Genome-wide association studies (GWAS) are another active area of ML algorithm development. Tools such as genomic best linear unbiased prediction (gBLUP) [142], support vector machine (SVM) [143], xGBoost [144], and random forest (RF) [145] are widely used to identify relevant traits in GWAS, with the large, well annotated GWAS data suitable for training purposes. Similarly, large datasets divided into disease and controls serve as suitable training data for ML algorithms that are able to predict traits and identify enriched variants [146]. Many tools however fail to generalise to specific diseases. To address this, studies often run multiple ML methods using a consensus-based approach.
Large Language model
Large language models (LLM) show promise in a variety of precision medicine applications such as reducing literature search time for variant classification and interpretation. Microsoft developed the generative AI tool the EvAgg, which reports improvements in the sensitivity and specificity of pathogenic variant identification [147]. EvAgg reduced the manual curation time by 34% and increased the number of papers, variants, and cases evaluated per unit time. Such works have led to papers concluding that variant classification will be standardized in the near future, however achieving this requires overcoming significant challenges [148]. A recent benchmarking study considered four LLMs across ten fictional oncology patients and encouragingly found that LLMs were able to identify several important treatment strategies and provide some reasonable suggestions not easily found by experts [149]. However, they concluded that LLMs are not yet applicable for routine clinical analysis as an aid for clinical decision-making in oncology. Analysing complex germline disease represents an even bigger challenge.

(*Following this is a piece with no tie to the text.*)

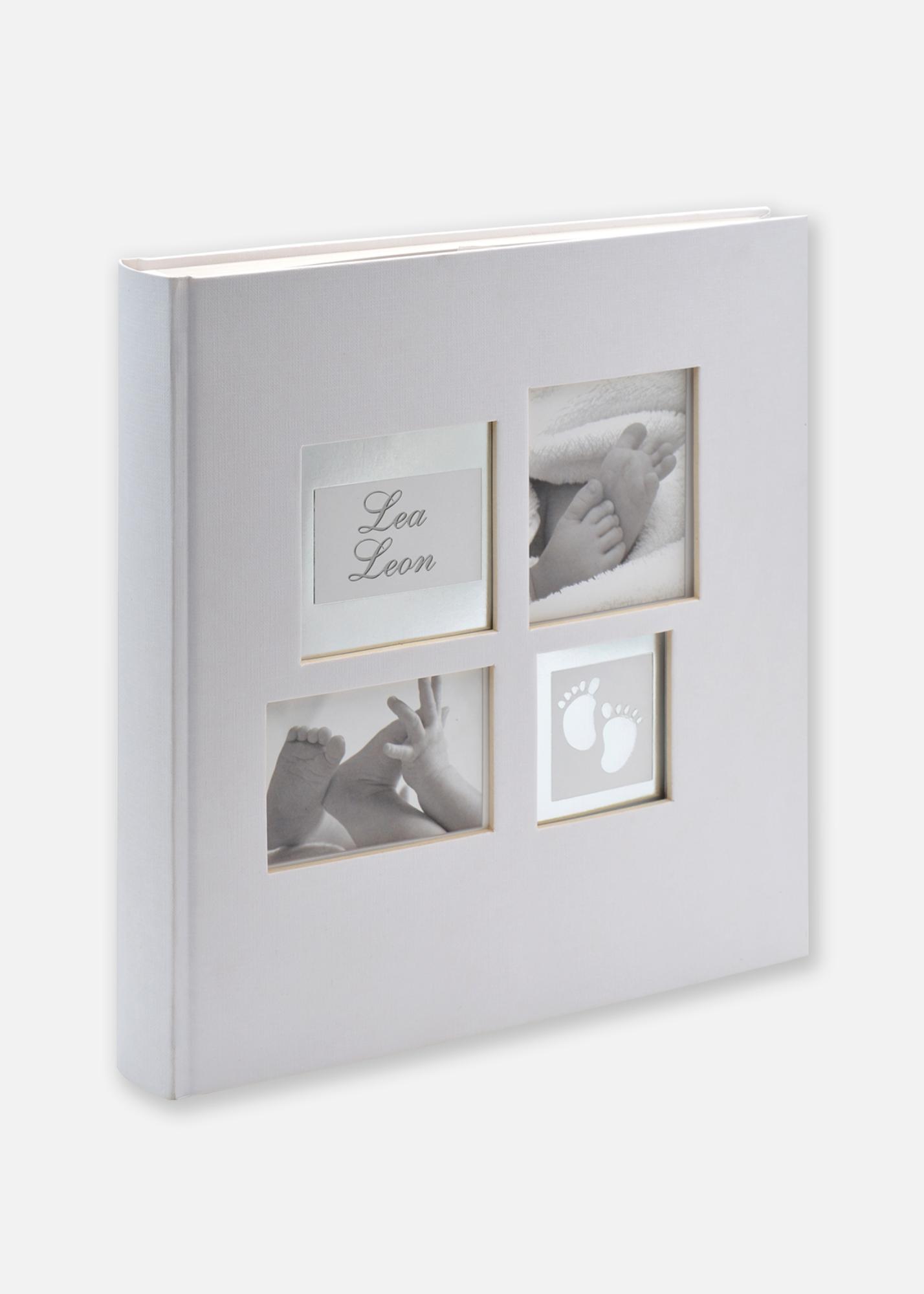 Un élégant album bébé en blanc avec un léger ton gris avec espace pour 4 images sur le devant de l'album. Parfait lorsque vous souhaitez créer votre propre album bébé personnalisé pour vos photos préférées.

While ML holds great promise for precision medicine, it is not without challenges due to the complexity and uniqueness of an individual’s genome highlighting the need for accurate, robust and interpretable models. Challenges include issues with the accuracy of existing variant classifications as well as the rising number of variants of uncertain significance (VUS) [150]. Building robust ML models requires large, high-quality data that has been extensively benchmarked using both simulated and established reference data sets [151]. Generating such data sets is compounded by the inherent complexity of the human genome, with numerous non-genetic factors contributing to complex disease. While ML algorithms are increasingly able to process complex genomic information to identify novel patterns and associations relevant to variant interpretation, patient datasets are increasingly heterogeneous in terms of data type and source [152]. Increasingly, data sets contain a number of data modalities (e.g. transcriptomics, epigenomics, and clinical data) requiring updates and changes to existing ML models trained exclusively on other types of data [153]. ML algorithms face additional challenges with their need for large diverse and homogenous training datasets without potential biases, a known challenge with many complex molecular datasets [154]. Overall, the most significant barriers to widespread clinical adoption of ML approaches are model interpretability, model validation and data harmonisation.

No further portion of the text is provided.